TASK INSTRUCTIONS: Beginning with the line below that contains "そのほか、イスラエルのモサド" and ending with the line that contains "Bursts out 4000", copy every line exactly. Copy nothing else.

DATASET:
=======
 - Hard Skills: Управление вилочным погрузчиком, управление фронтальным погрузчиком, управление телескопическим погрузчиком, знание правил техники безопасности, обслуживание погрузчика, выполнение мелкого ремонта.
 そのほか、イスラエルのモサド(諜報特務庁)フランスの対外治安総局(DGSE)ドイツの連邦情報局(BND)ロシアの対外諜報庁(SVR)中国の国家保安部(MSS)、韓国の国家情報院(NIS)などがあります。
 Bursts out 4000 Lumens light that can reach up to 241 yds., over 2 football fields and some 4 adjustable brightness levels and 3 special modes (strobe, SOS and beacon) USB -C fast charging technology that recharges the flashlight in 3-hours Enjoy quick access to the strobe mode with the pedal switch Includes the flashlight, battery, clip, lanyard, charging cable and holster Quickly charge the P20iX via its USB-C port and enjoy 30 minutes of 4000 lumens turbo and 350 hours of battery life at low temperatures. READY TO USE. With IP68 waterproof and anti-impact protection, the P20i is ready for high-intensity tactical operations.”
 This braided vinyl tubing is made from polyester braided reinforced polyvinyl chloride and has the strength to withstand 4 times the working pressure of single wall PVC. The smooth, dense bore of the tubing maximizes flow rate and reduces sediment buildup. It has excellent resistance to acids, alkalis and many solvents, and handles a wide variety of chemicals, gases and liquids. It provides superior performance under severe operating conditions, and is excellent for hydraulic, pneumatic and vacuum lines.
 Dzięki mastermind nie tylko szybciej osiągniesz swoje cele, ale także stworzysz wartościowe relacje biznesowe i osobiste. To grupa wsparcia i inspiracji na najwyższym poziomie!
=======
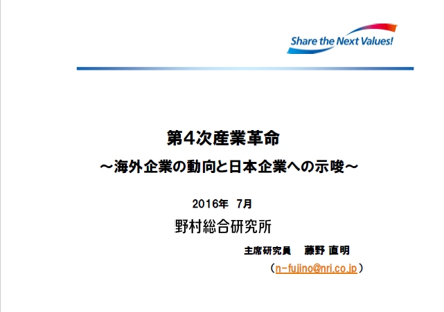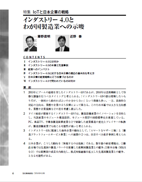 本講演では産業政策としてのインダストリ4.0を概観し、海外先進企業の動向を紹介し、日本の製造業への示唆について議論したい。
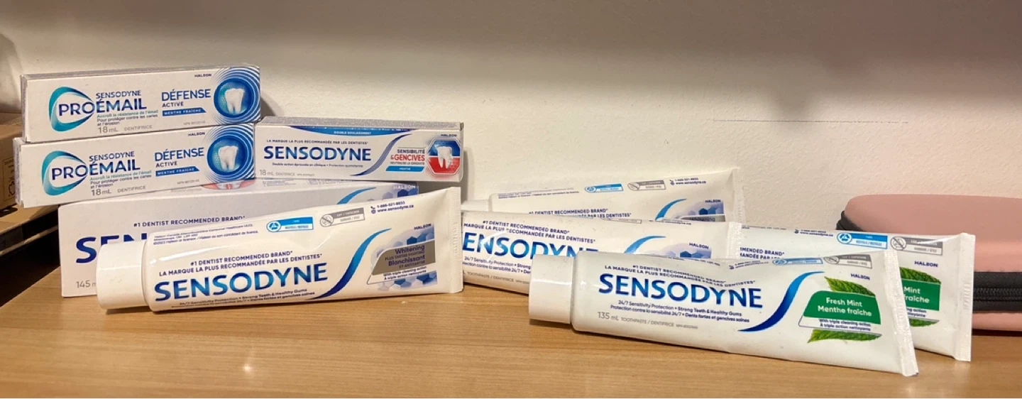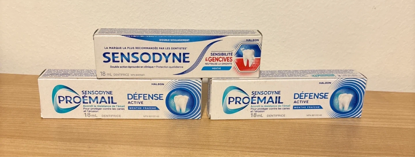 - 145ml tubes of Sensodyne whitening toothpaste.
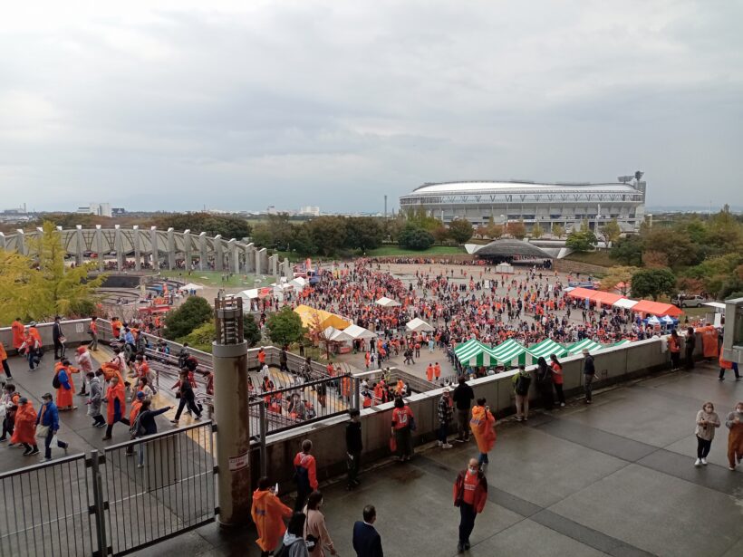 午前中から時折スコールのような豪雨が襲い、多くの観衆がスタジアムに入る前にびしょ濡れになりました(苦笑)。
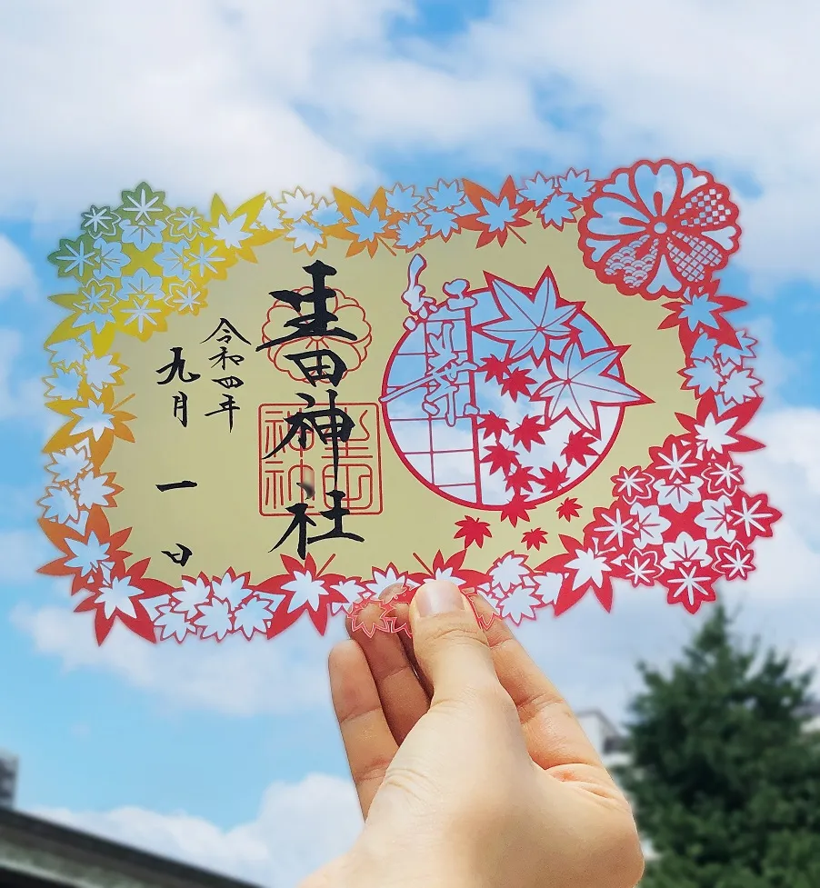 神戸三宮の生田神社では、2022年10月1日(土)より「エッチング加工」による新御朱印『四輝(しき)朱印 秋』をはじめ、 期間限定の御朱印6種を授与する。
=======
ANSWER SPACE:
 そのほか、イスラエルのモサド(諜報特務庁)フランスの対外治安総局(DGSE)ドイツの連邦情報局(BND)ロシアの対外諜報庁(SVR)中国の国家保安部(MSS)、韓国の国家情報院(NIS)などがあります。
 Bursts out 4000 Lumens light that can reach up to 241 yds., over 2 football fields and some 4 adjustable brightness levels and 3 special modes (strobe, SOS and beacon) USB -C fast charging technology that recharges the flashlight in 3-hours Enjoy quick access to the strobe mode with the pedal switch Includes the flashlight, battery, clip, lanyard, charging cable and holster Quickly charge the P20iX via its USB-C port and enjoy 30 minutes of 4000 lumens turbo and 350 hours of battery life at low temperatures. READY TO USE. With IP68 waterproof and anti-impact protection, the P20i is ready for high-intensity tactical operations.”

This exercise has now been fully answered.